118 As to the applicants, claims 13, 20, 21 and 23 to 26 all require the presence of a latex polymer “in an amount within the range of at least 2 wt.% of the glass beads in said formulation but less than 8 wt.% of the total amount of cement and glass beads in said formulation”. According to the applicants this integer is present in the product supplied because:
the respondents instruct users of their product that for every 500 ml of the Geo Polymer, 20 kg of Portland cement and 40 kg of glass beads are to be used;
according to the evidence, the specific gravity of the Geo Polymer is 1: 2 to water so that 500 ml of Geo Polymer equates to 0.6 kg of polymer;
0.6 kg of polymer divided by 40 kg of glass beads equals 1.5% by weight of polymer to glass beads.
119 The applicants submitted that 1.5% by weight of polymer to glass beads satisfies the integer in circumstances where: - (i) the products are used in large quantities for swimming pool linings so that only approximate quantities are involved in any event, and (ii) the product information sheets indicate that the 500 ml is a guide only and as the Geo Polymer is the key means to prevent the alkalinity bleeding out from the glass beads, it is likely that more rather than less than 500 ml would be used.
120 I do not accept these submissions.
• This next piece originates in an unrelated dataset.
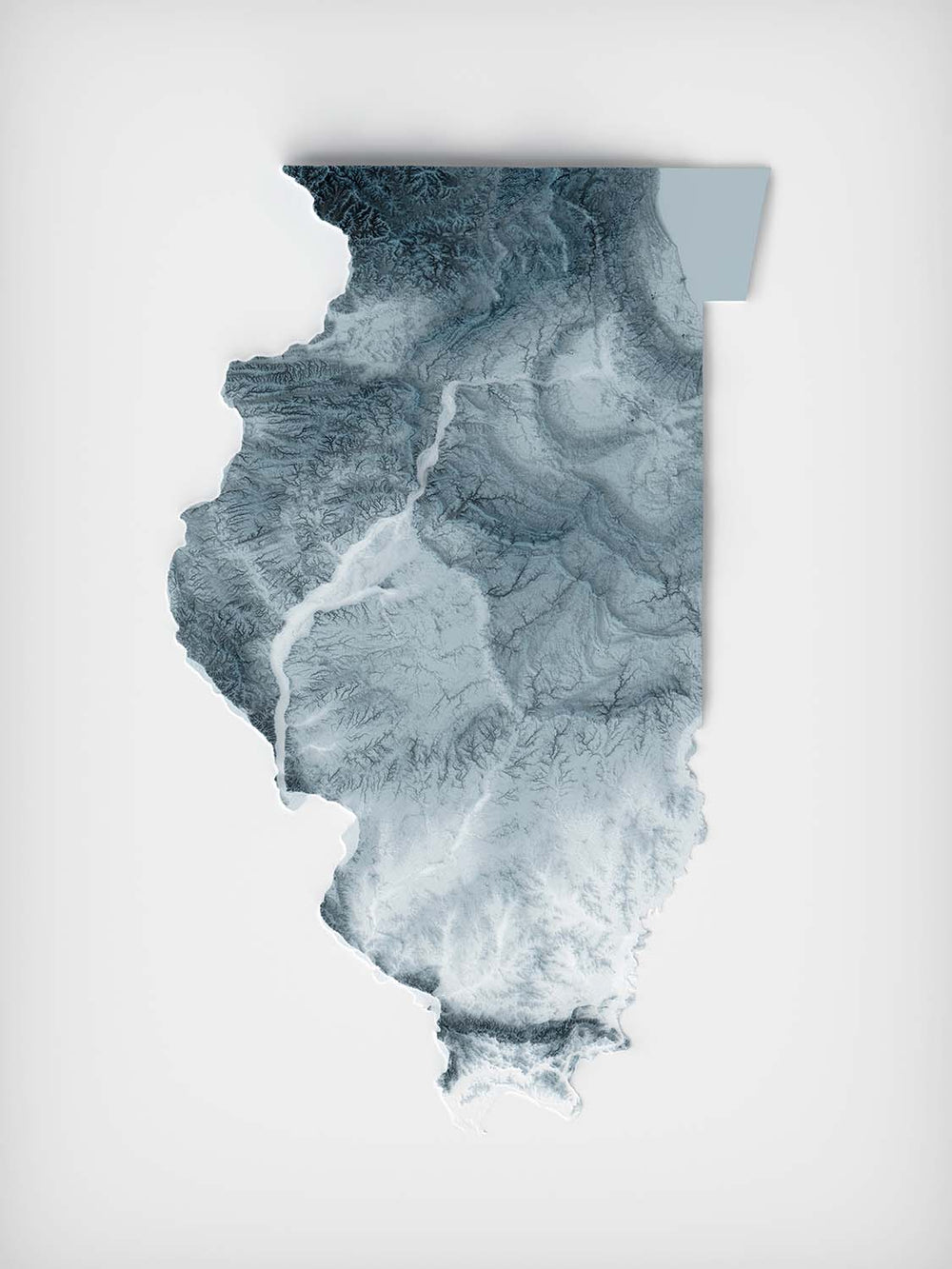 Feiern Sie das Herzland Amerikas mit dieser exquisiten Darstellung von Illinois – einem Bundesstaat, in dem sich weitläufige Ebenen mit von Gletschern geformten Höhenzügen treffen und Flusstäler tiefgreifende Geschichten in die Landschaft eingravieren. Die Karte zeigt die charakteristische Geografie von Illinois mit dramatischer Nutzung von Schatten und Licht, um die sanften Wellen und subtilen Höhenunterschiede zum Leben zu erwecken.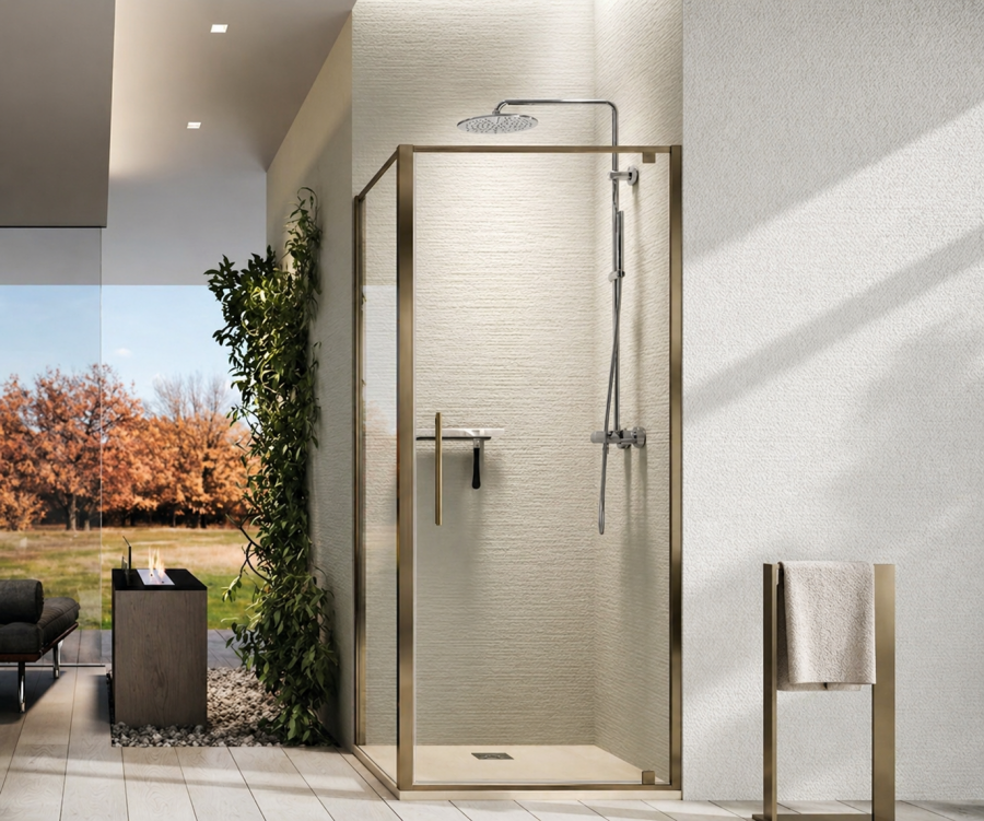 Paroi fixe latérale RIGA F à commander séparément pour une installation en angle.

For the reasons given in respect of the construction of the claims, I am satisfied that the integer in question requires there to be there must be at least 2% by weight of a latex polymer in the overall dry cement formulation. Even on the best view of the facts from the applicants’ perspective, there is only 1.5% latex polymer in the formulation supplied by the respondents. Recourse to speculation that more than 500 ml of Geo Polymer might be used given the large quantities involved in the on-site mixing process is unpersuasive. The respondents supply glass beads and a polymer (in a liquid form) and instruct the proportions of each to be used. The fact that the proportions are a guide leaves open the mere possibility that a person to whom a supply is made might use more polymer than recommended. But this falls far short of establishing proof of infringement based on s 117(2)(a) – (c) of the Act.
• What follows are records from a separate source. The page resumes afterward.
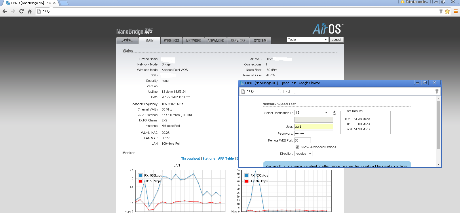 Prezados amigos e colegas do Under Linux !!! venho a traves do fórum solicitar a ajuda de todos senhores e senhoritas :damnmate: , a uma semana atras fechei um ptp com um par de nanobridge25 com distancia de 8.300km Sinal bom ccq relevável , chegamos a 94.4% de ccq ping 1ms de uma ponta para a outra .. porem ''não passa banda '' 0.12M passa só isso e o ccq baixa de 87% para ate 37% ... ja troquei canal , baixei potencia para 1db , ja inverti o Ap pra clientes e virse e versas ,ativei airmax e tesativei , coloquei 40Mghz , 20 e nada .. nesse Pop tenho tbm uma NsM5 que tbm ta dando o mesmo problema quando vai passar banda ccq cai e o station tbm cai ... porem essa nanom5 não faz ptp é somente um painel para um cliente ...segue prints em anexo .Anexo 57771Anexo 57772Anexo 57773 Aguando resposta se alguem dispor em me ajudar ... desde já agradeço a atenção de todos ... Anexo 57774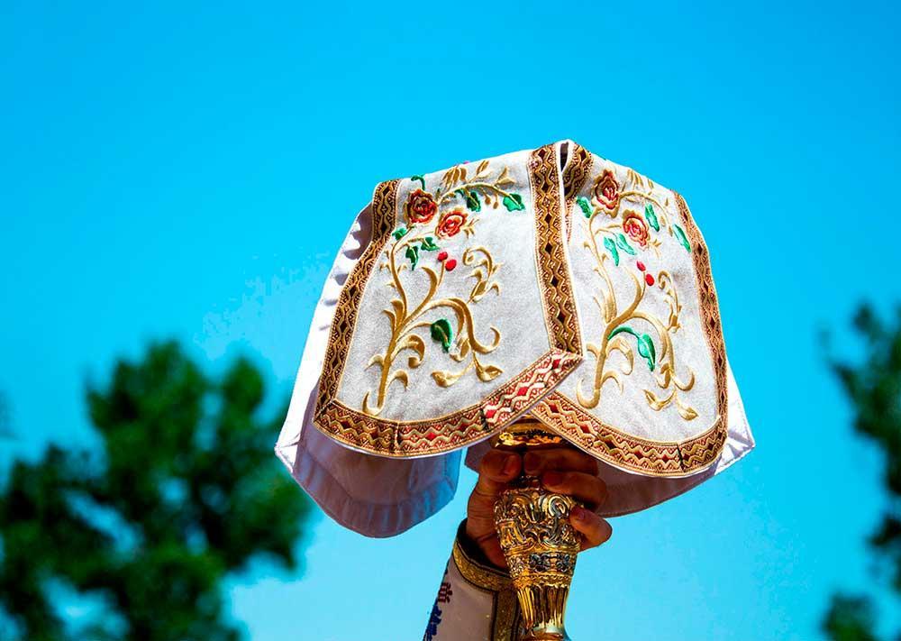 Acestea zicând preotul cel evlavios, a văzut înaintea Sfintei Mese pe Împărăteasa Îngerilor cea Preaslăvită, care avea în brațele ei un prunc, negrăit de frumos, pe Domnul nostru Iisus Hristos și i-a zis lui: „Pruncul acesta este Făcătorul și Ziditorul lumii, Fiul și Cuvântul lui Dumnezeu și om desăvârșit. Pe Acesta L-am zămislit din Duhul Sfânt și L-am născut fără stricăciune, rămânând Fecioară. Acesta a pătimit și a murit pe Cruce ca un om, pentru mântuirea lumii și a înviat și s-a înălțat la ceruri și șade de-a dreapta Tatălui, ca Unul ce este de o ființă cu Dânsul și împreună pe scaun șezător, pentru aceasta iarăși are să vie să judece toată lumea. Acesta și acum, în fiecare zi, pentru milostivirea Lui și pentru multa bunătate, se coboară negrăit și minunat în chipul pâinii și al vinului, pentru multa dragoste pe care o are către voi oamenii și vi se dă spre mâncare și băutură și spre sfințenie a sufletului vostru. Deci pipăie-L pe El și fără de frică Îl cearcă, pentru ca să cunoști cum că este adevărată privirea și nu nălucire, și trup adevărat, cu carne și cu sânge, după cum L-am cunoscut. Și așa se face și pâinea și vinul cu care săvârșiți Sfânta Liturghie. Însă pentru că firea omenească nu poate ca să mănânce carne crudă și să bea sânge, pentru aceasta, prin nepătrunsa Lui înțelepciune, Cel întru tot Milostiv și Atotputernic se schimbă în pâine și în vin, pentru ca să-l primească fiecare cu dorință și cu dragoste. Împărtășește-te dar cu Dânsul, cu evlavie și cu credință, căci cine se împărtășește cu vrednicie cu El, se face părtaș Dumnezeieștii Lui Slave”.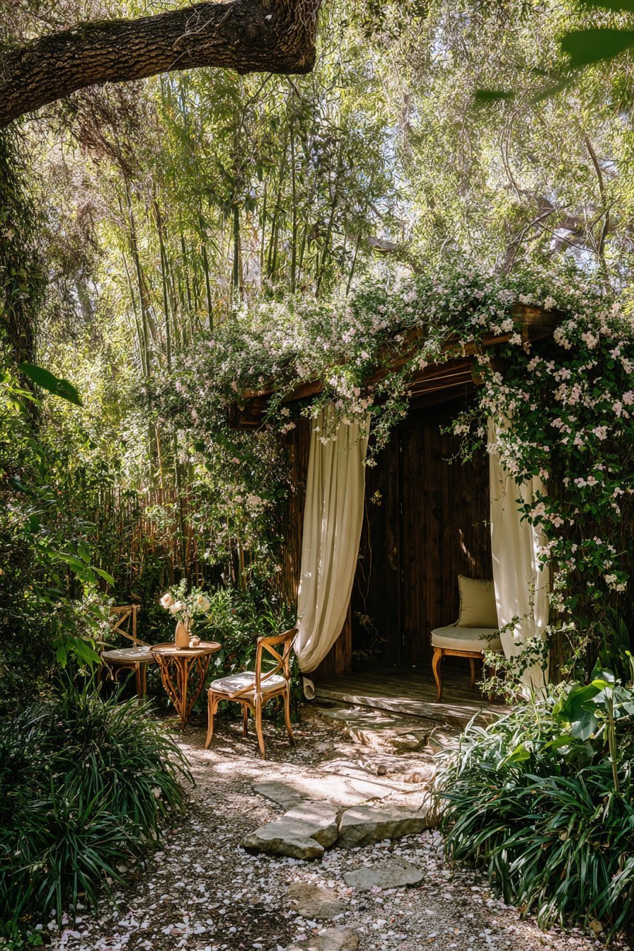The three-tier approach includes ground-level plants, mid-height shrubs, and overhead trees or tall grasses. Each layer serves both aesthetic and practical purposes, from cooling the space to attracting beneficial wildlife. Mixing evergreens with seasonal bloomers ensures your retreat never looks barren or lifeless.

121 In addition, and also as discussed, claim 13 and its dependent claims concern an invention said to be a dry formulation in which each of the three components (cement, beads and latex) are also dry, all adapted to be hydrated. The respondents do not supply a dry polymer. They supply a liquid polymer. The notion that the integer contemplates the calculation of the specific gravity of a liquid polymer to obtain a weight ratio to glass beads is unpersuasive. The contention of infringement must also fail for this reason.
122 This leaves for resolution the allegations of infringement of claims 1 to 3 and 9 to 11.
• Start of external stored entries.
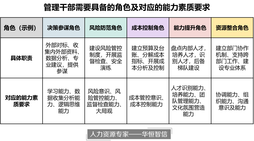 在实际调研中,项目组分析不同层级领导干部实际的工作职责内容,明确目前的实际角色,之后根据战略要求和公司发展,确定应该具备的角色定位。例如对于职能管理部门的经理,重在决策参谋、监督检查、风险防范、资源整合等角色,而对于生产厂区的厂长,则需要聚焦计划能力、组织能力、成本控制能力等。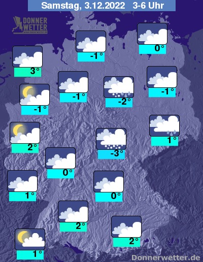 In der kommenden Nacht fällt von der Mitte des Landes bis in den Osten gebietsweise Schnee, zum Teil auch Schneeregen oder Regen. Hier ist verbreitet mit glatten Straßen durch Schnee oder überfrierender Nässe zu rechnen!! Im übrigen Land ist es ebenfalls meist bedeckt und nur selten zeigen sich Auflockerungen, dazu bleibt es trocken. Stellenweise bildet sich Nebel. Die Temperatur sinkt auf 3 Grad in Bremerhaven und -3 Grad in Jena.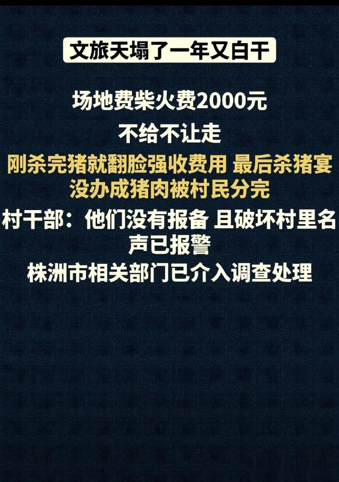 恐怕株洲文旅忙的“头都要大了”,之前因灿灿子要举办杀猪宴“闹”出的影响还没消除,又被闹出“抢猪村”的笑话,地方名声算是被砸了。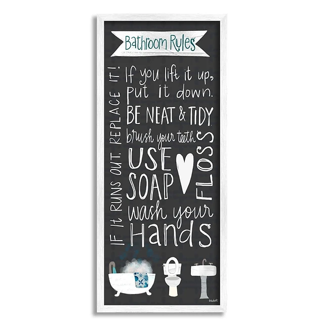 Stupell Industries Bathroom Rules Sign Whimsical Tub Toilet Sink Framed Wall Art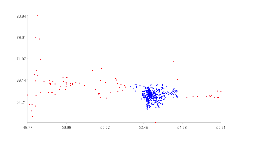 如果把异常程度大于0的数据作为异常点,散点图中的异常情况如下: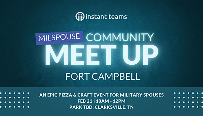 Hey Milspouses! Come join us for a fun and casual in-person meet up on Fort Campbell. It's the perfect chance to do a fun craft and chat over a slice of pizza (thanks to Instant Teams) and connect with fellow military spouses in the community. Whether you're new to the area or a seasoned pro, this chill gathering is all about sharing stories, making friends, and enjoying some quality time together. Plus, if you're looking for remote jobs, Instant Teams has you covered! Don't miss out on the fun and great company!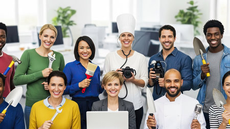 A diverse group of individuals, representing various professions, stand together holding tools. The image displays a bright indoor environment. The subjects wear different outfits and their expressions suggest satisfaction. It's ideal for illustrating themes of teamwork, collaboration, and various commercial projects.

123 As to the respondents, the evidence referred to above establishes that each is responsible for the supply of the Jewels4Pools glass beads and Geo Polymer and the instructions to customers for its use as a surface finish for pools by mixing with Portland cement. It is true that there is no evidence that any particular person has used their product (the glass beads and Geo Polymer) in lining a swimming pool with only one colour of the glass beads. Nevertheless it may and should be inferred that people have used the products supplied by the respondents in accordance with the instructions. It is also true that the evidence establishes that the colours of glass beads which the applicants subjected to testing by Boral are but four colours available from a range of hundreds of colours which, to the respondents’ knowledge, have been previously used in combination with other colours and not in isolation. Contrary to the applicants’ contentions I accept that these facts are relevant to proof of infringement under s 117(2)(a) and (b) of the Act.
124 In terms of s 117(2)(b) I do not accept that the alleged infringing products, the glass beads and Geo Polymer, are capable of only one reasonable use. Although sold by the respondents primarily for use in constructing linings for swimming pools and spa pools, the evidence indicates that these products would be suitable for other uses in common with the invention claimed by the applicant which is said to be suitable as a surface finish on a variety of surfaces. The evidence indicates that the product supplied by the respondents would be able to be used as a surface finish in a wide range of applications not just swimming pools and spa pools. For example, a website description says the product has “100’s of applications, pools, gardens, ponds and many more”. Hence, s 117(2)(a) is inapplicable.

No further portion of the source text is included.